(Data entries)
....

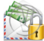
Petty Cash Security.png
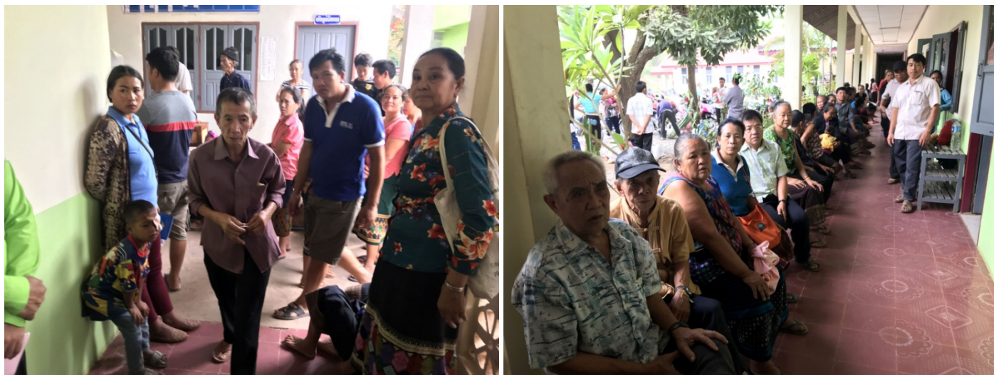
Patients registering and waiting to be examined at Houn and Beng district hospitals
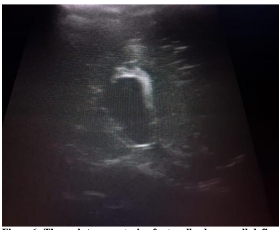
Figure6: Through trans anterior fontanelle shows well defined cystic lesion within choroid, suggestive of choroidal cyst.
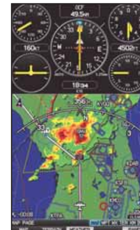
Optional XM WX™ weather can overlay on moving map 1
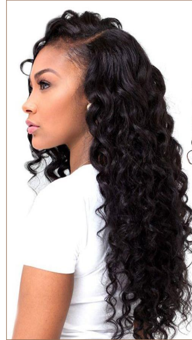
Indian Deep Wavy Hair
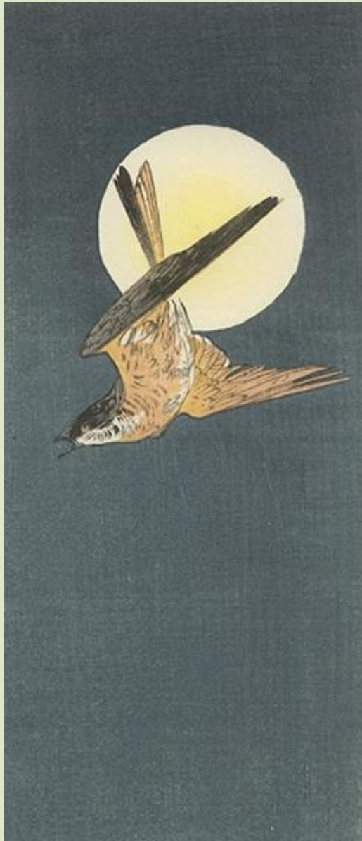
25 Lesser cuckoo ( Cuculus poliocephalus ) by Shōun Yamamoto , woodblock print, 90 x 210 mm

....

- What to work on -
Could you repeat exactly the lines from the one containing "Patients registering and" to the last line of the records, both included, and leave out every picture?

- Response to this exercise -
Patients registering and waiting to be examined at Houn and Beng district hospitals
Figure6: Through trans anterior fontanelle shows well defined cystic lesion within choroid, suggestive of choroidal cyst.
Optional XM WX™ weather can overlay on moving map 1
Indian Deep Wavy Hair
25 Lesser cuckoo ( Cuculus poliocephalus ) by Shōun Yamamoto , woodblock print, 90 x 210 mm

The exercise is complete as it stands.